Lesson #1 | Don't listen to the naysayers.  Pick what you like.

Ten years ago, soapstone was a pretty infrequently seen countertop material.  We had to go to a special supplier.  Lots of people warned me against it saying it was soft and would be trouble.  He was right,  it was softer than granite - but I knew that already as I had done my research.  I still loved the look and thought the dings and scratches would work well in an old house that has plenty of patina already. Well 10 years in, it definitely has plenty of wear but I still think it looks lovely.  It requires no maintenance whatsoever. While soapstone isn't for everyone, it was the perfect choice for us.

Lesson #2 | Even good contractors can be wrong.
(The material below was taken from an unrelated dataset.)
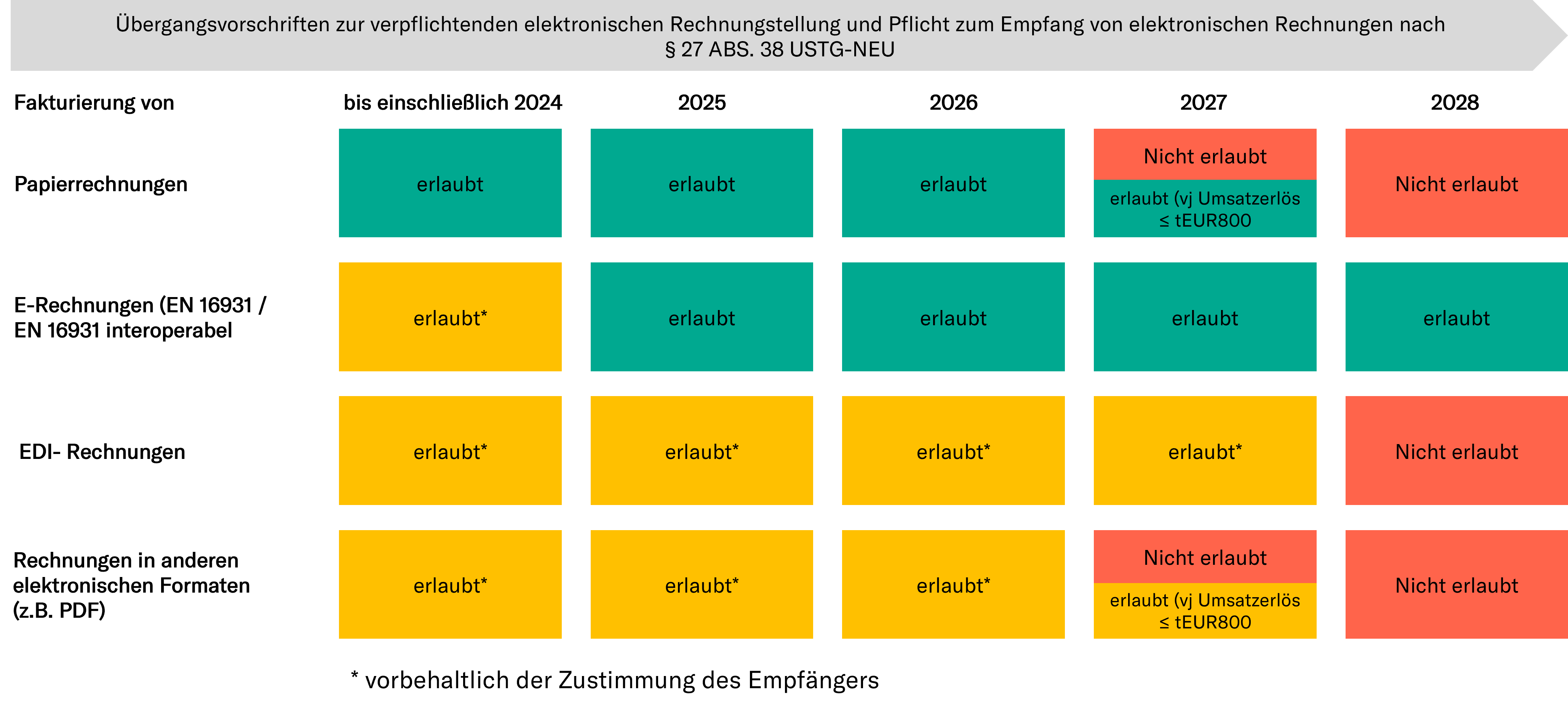 • Es ist eine Übergangsregelung zwischen dem 01.01.2025 und 31.12.2027 für die Erstellung und Erteilung der Rechnungen, also dem Rechnungsausgang, vorgesehen

Do your own research.

When we were doing the layout, I was pretty against using the over the stove microwave for purely aesthetic reasons. I just didn't think it looked that great. But for a multitude of reasons we ended it going with it anyway.  Little did I know that the placement of that microwave over a hot stove creates a perfect storm for microwaves going ker-plewy.  This is our third microwave in 10 years and I don't think one is long for this world.  So not only is it generally unattractive but it has created an added expense and aggravation that is super inconvenient and hard to fix (and they always break at the MOST inopportune time - how does it know?). This is my #1 biggest mistake by far and it still makes my blood boil.  Learn from my mistakes, do not do it.

Lesson #3 | No microwaves over the stove, eveerrr!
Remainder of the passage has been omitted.